We soon settled into an agreeable routine of squinting into the mid distance, snoozing and contributing to the sort of polite applause which is the very hallmark of test cricket. Mrs Hudson was absolutely engrossed, sitting forward in her
seat and fluttering her programme about her face.
‘Did you see that?’ she said to Holmes more than once, clutching his arm. At these interruptions, he rolled his eyes and buried his nose further in his book.
Mycroft meanwhile was busying himself with the hamper, which he opened to reveal the sort of provisions that would keep an army marching for three days.
‘Heavens above!’ I exclaimed when I saw the extent of the man’s preparations. ‘What have you got there?’
‘The bare essentials,’ he explained gravely, moving items around carefully the basket. ‘We have some cold meat pies, naturally,’ he began, counting them off on his fat fingers - ‘chicken, beef, lamb, mutton, pork and partridge. With these, we have a selection of pickles, some onions and gherkins; some sauces, including bread sauce, mint jelly and cranberry. I left the mint sauce behind in the interests of weight and economy, but I can’t help but feel a certain pang of loss for its absence. We have a variety of breads, freshly baked last night by my inestimable housekeeper. There’s butter and cheese of course. Now when it came to the cheese, I was faced with a difficult decision. I kept the Bay Blue, the Blarney Castle, Brie, Cairnsmore and the Double Gloucester. I left out the Feta, the Gippsland Blue and the Lincolnshire Poacher. I took out the Red Windsor, but then put it back in at the last minute. I will let you be the judge of my actions.’

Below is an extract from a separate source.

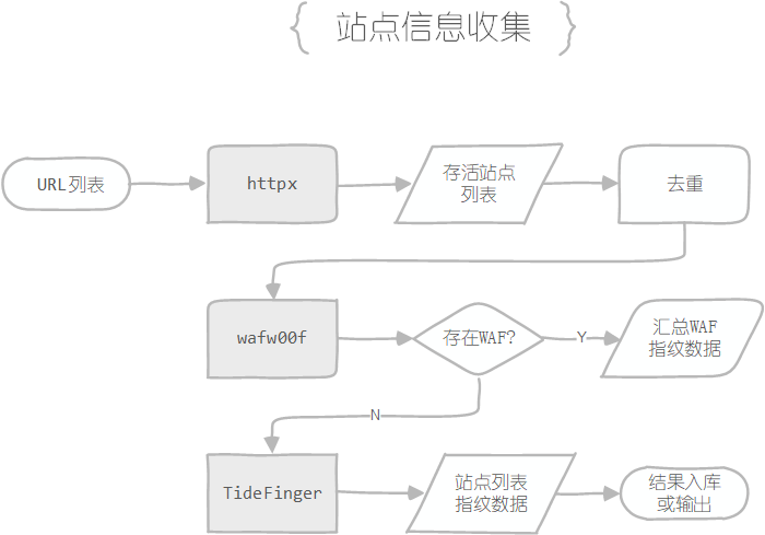 URL数据 → 站点验活 → 站点去重 → 站点指纹识别 + WAF检测 → 目标站点列表

I stared at the bounty laid out before us. ‘That sounds ample,’ I suggested.
‘And then there are the treats,’ he continued. ‘Fruit pies: raspberry, cherry, strawberry and blueberry. Biscuits naturally...’
‘Enough!’ I shouted.
‘Do you have any tea?’ asked Mrs Hudson. ‘It’s awfully warm.’ Mycroft looked at her, alarmed. He delved into the deepest recesses of the hamper as Arthur Evans, the archaeologist might peer into a iron age barrow.
‘I’m afraid not?’ he admitted.
‘How about a little water?’ He glanced down again.
‘No water.’ Aghast, he rose to his feet, raising himself to his full regal height. For a moment the sun seemed to disappear and we were cast into darkness.